Do you have any control of the server side, or is this a generic email client? If you can control the server side, I would do something like authenticate, then have the server generate a UUID and keep that locally to future api calls. Another idea would be to send a hash of the password to api calls instead of the actual password, then you can store just the password hash locally.
The issue with encrypting the username/password is that your code needs to be able to decrypt it, and if your code can decrypt it, somebody can reverse engineer your code and do that as well, although you can make it easier/harder by how you code and package it.
Once you figure out WHAT you're storing, you can figure out how you store it. One account? Shared prefs. Multiple accounts? Create a Sqlite DB.
I would suggest using http://ormlite.com/ to handle your db connections. I did a good chunk of the initial Android port work, and its now been enhanced/maintained by a top notch group of hackers. Very solid stuff.
See more Sqlite blog posts:
http://www.touchlab.co/blog/single-sqlite-connection/
http://www.touchlab.co/blog/android-sqlite-locking/
If security is a concern, eventually it still boils down to saving the user credentials in encrypted form. Here are some suggestions:
Consider encrypting the credentials using Base64.
The encryption key should be divided into different parts and saved in different parts of the app. Only to be combined by app logic.
Consider using JNI for encryption part of the code.
Once you have an encryption logic in place, you should use AbstractAccountAuthenticator.
Remember two things:
a. An apk can be decompiled to retrieve the key. (Thats why (2) and (3)).
b. Saving plain text is disastrous. (Thats why (1)).

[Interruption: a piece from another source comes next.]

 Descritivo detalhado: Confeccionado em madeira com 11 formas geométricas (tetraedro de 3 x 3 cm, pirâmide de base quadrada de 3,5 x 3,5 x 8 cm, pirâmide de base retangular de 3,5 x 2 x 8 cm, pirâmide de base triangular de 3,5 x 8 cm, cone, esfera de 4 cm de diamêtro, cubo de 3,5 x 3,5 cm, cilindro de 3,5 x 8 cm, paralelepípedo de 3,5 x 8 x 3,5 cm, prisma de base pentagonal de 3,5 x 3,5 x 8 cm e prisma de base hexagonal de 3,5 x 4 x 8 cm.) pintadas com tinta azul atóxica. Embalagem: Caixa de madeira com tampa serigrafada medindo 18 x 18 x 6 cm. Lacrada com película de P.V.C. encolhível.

On second thoughts, once you have 1, 2 and 3 in place, you may use SharedPreferences as well.
SharedPreference is the best option.
Ease of Use
Only deleted when user clears data for the App
Flexibility to change values when user uses another set of login credentials.

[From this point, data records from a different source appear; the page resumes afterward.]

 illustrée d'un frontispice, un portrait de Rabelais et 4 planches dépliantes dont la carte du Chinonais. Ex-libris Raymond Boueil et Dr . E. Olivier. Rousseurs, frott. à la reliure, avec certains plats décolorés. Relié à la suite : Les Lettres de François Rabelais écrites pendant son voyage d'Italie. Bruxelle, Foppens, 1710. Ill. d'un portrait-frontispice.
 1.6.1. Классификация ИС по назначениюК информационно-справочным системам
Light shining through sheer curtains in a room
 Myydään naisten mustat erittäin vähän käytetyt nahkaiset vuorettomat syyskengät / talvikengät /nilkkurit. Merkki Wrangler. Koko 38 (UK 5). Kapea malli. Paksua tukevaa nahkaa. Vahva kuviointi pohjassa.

Here is how you can do it.
import android.preference.PreferenceManager;
private static final String LOGIN_EMAIL = "login_email";
private static SharedPreferences mAppPreferences;
private static SharedPreferences.Editor mEditor;
/*Insert your code to Get user entry of email from the EditText*/
mAppPreferences = PreferenceManager.getDefaultSharedPreferences(context);
mEditor = mAppPreferences.edit();
mEditor.putString(LOGIN_EMAIL, v_user_email );
mEditor.commit();
I don't think SharedPreference storage is unsafe or can be tampered with.